DATA SECTION

-=-=-=-=-

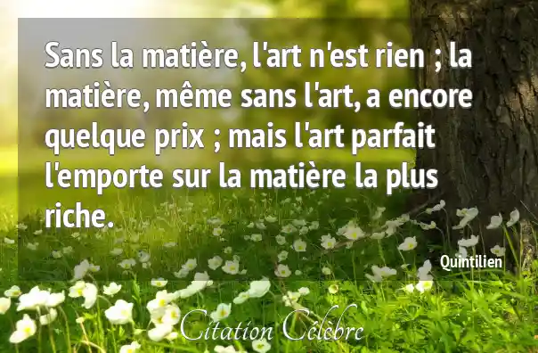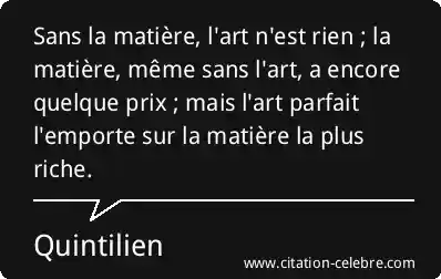 Sans la matière, l'art n'est rien ; la matière, même sans l'art, a encore quelque prix ; mais l'art parfait l'emporte sur la matière la plus riche.
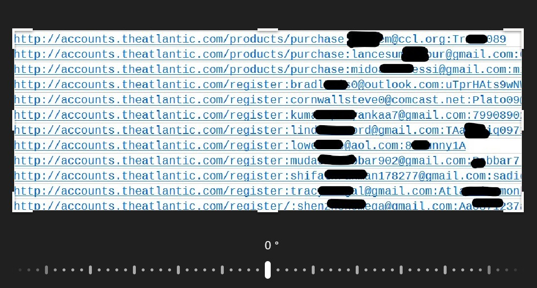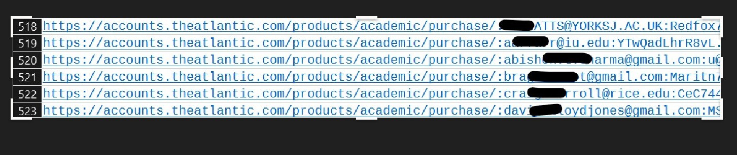 On Tuesday, 25th of March, 2025, we were able to view thousands of records that appear to have be saved, when readers of The Atlantic, either signed up, made a purchase, or redeemed a free trial. There are also hundreds of records on hand, for those that 'forgot a password', or requested a new password.
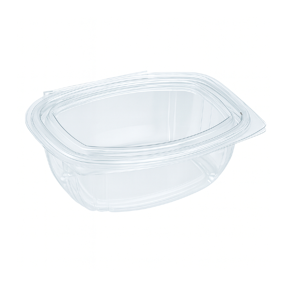 Diese Salatschalen aus PLA mit einem Fassungsvermögen von 500 ml eignen sich ideal für Salate, Snacks, Obst oder kalte Speisen. Der praktische Scharnierdeckel sorgt für eine sichere Handhabung und erleichtert den Transport, ob im Catering, Restaurant, Imbiss oder To-go-Bereich.
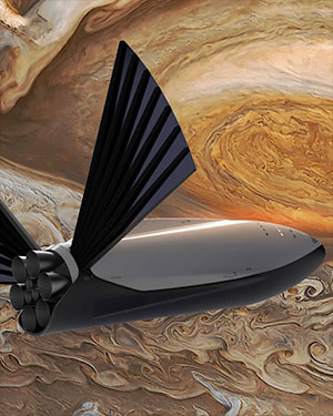Artist rendition of SpaceX's ITS spaceship at Jupiter. (SpaceX)

-=-=-=-=-

PROBLEM REQUIREMENTS
Exactly as written, restate all of the data, leaving out the images.

OUTPUT FOR THIS EXERCISE
 Sans la matière, l'art n'est rien ; la matière, même sans l'art, a encore quelque prix ; mais l'art parfait l'emporte sur la matière la plus riche.
 On Tuesday, 25th of March, 2025, we were able to view thousands of records that appear to have be saved, when readers of The Atlantic, either signed up, made a purchase, or redeemed a free trial. There are also hundreds of records on hand, for those that 'forgot a password', or requested a new password.
 Diese Salatschalen aus PLA mit einem Fassungsvermögen von 500 ml eignen sich ideal für Salate, Snacks, Obst oder kalte Speisen. Der praktische Scharnierdeckel sorgt für eine sichere Handhabung und erleichtert den Transport, ob im Catering, Restaurant, Imbiss oder To-go-Bereich.
Artist rendition of SpaceX's ITS spaceship at Jupiter. (SpaceX)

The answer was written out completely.